--- WORK INSTRUCTIONS ---
Please repeat, exactly as they stand, the line containing "- Цех бөлмесіндегі жылу шығынын есепке алу" and the lines after it through the final line of the listing below, minus pictures.

········

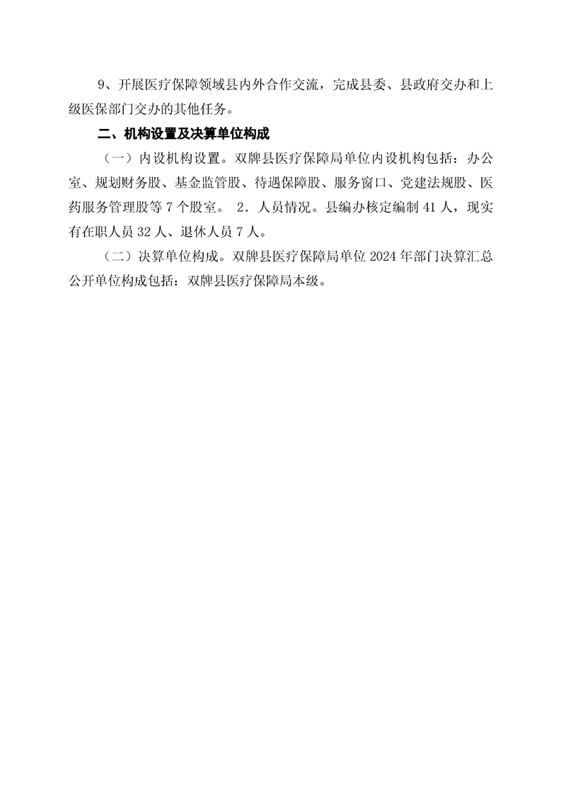 2024年度双牌县医疗保障局部门整体支出绩效自评报告
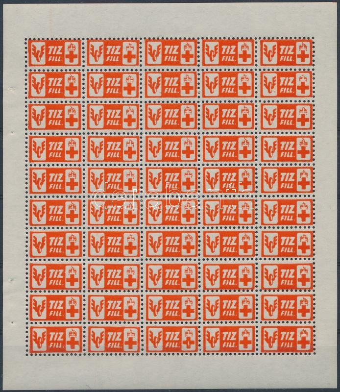 ca. 1944 Adománygyűjtő 10f bélyeg Vöröskereszt javára, 50-es kisív https://www.darabanth.com/hu/335-Gyorsarveres/335.0/Magyar-filatelia-es-postatortenet/Parafilatelia~500015/ca-1944-Adomanygyujto-10f-belyeg-Voroskereszt-javara-50-es-kisiv~II1881455
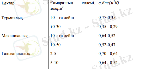 - Цех бөлмесіндегі жылу шығынын есепке алу
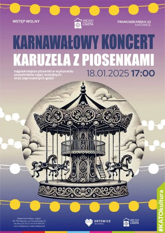 18 stycznia o godzinie 17:00 w MDK Ligota odbędzie się wyjątkowy koncert karnawałowy, podczas którego zaprezentują się uczestnicy zajęć wokalnych. Młodzi artyści przygotowali repertuar, który obejmuje zarówno klasyczne utwory, jak i współczesne hity.
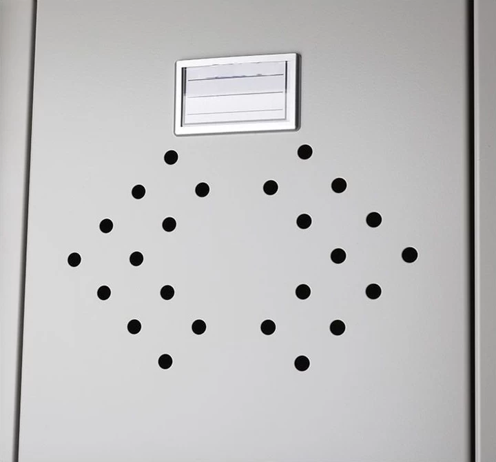Двери шкафа оснащены вентиляционными отверстиями для воздухообмена и информационными табличками для имён. Модель предусматривает возможность смены стороны открывания дверей.
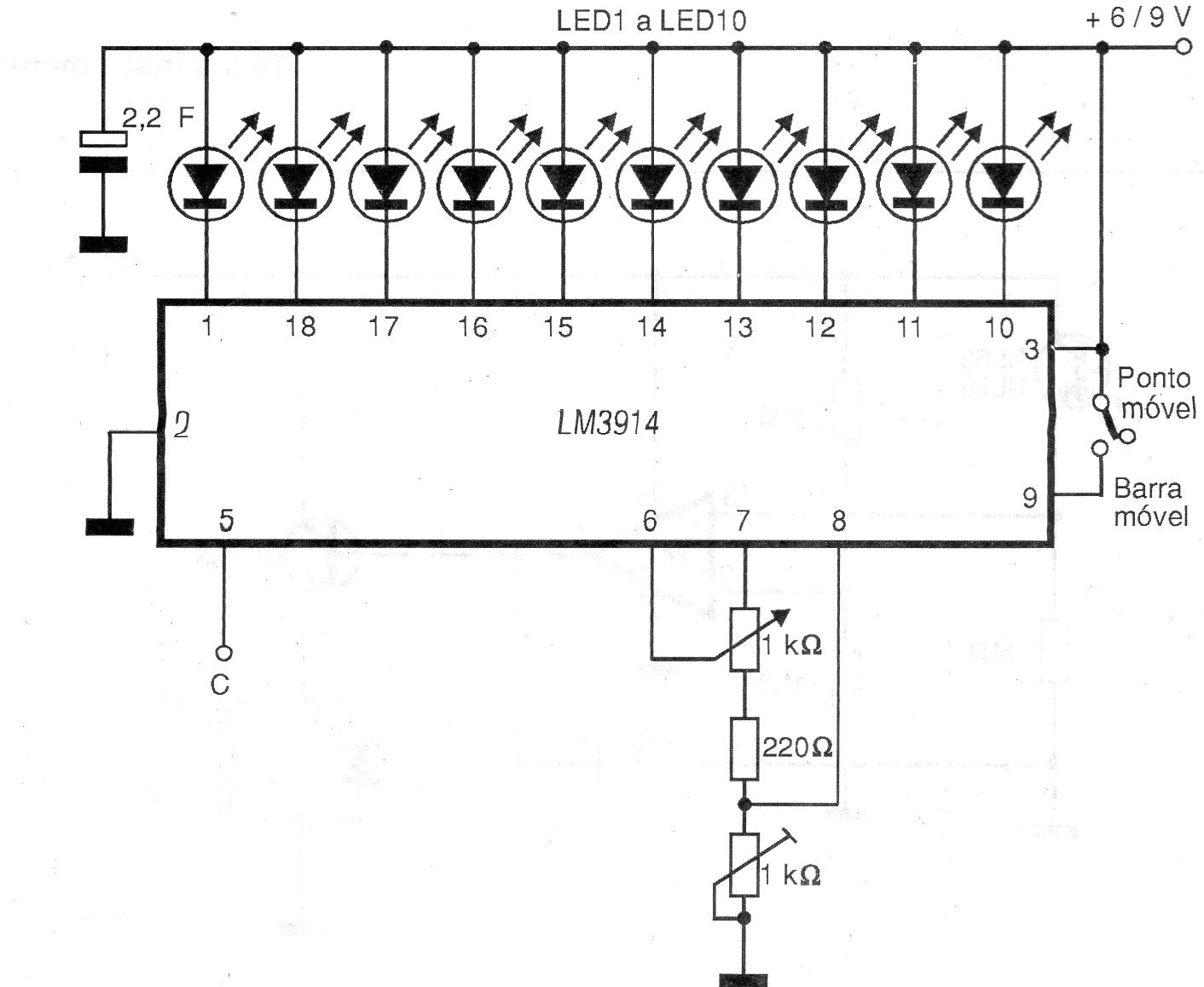 En este circuito mostramos cómo configurar el LM3914 como bargraph o punto móvil, alimentando 10 LED. El circuito tiene dos ajustes para las tensiones de entrada y puede ser alimentado por tensiones de 6 a 9 V. Varios artículos en este sitio se basan en esta aplicación.
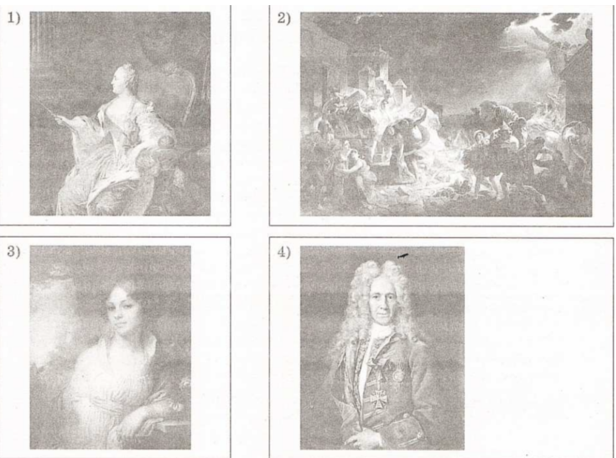 Какая из представленных ниже картин была написана в том же веке, когда произошло изображённое на марке событие? В ответе запишите цифру, которой обозначена эта картина. Укажите автора этой картины.

········

--- TASK OUTPUT ---
 - Цех бөлмесіндегі жылу шығынын есепке алу
 18 stycznia o godzinie 17:00 w MDK Ligota odbędzie się wyjątkowy koncert karnawałowy, podczas którego zaprezentują się uczestnicy zajęć wokalnych. Młodzi artyści przygotowali repertuar, który obejmuje zarówno klasyczne utwory, jak i współczesne hity.
Двери шкафа оснащены вентиляционными отверстиями для воздухообмена и информационными табличками для имён. Модель предусматривает возможность смены стороны открывания дверей.
 En este circuito mostramos cómo configurar el LM3914 como bargraph o punto móvil, alimentando 10 LED. El circuito tiene dos ajustes para las tensiones de entrada y puede ser alimentado por tensiones de 6 a 9 V. Varios artículos en este sitio se basan en esta aplicación.
 Какая из представленных ниже картин была написана в том же веке, когда произошло изображённое на марке событие? В ответе запишите цифру, которой обозначена эта картина. Укажите автора этой картины.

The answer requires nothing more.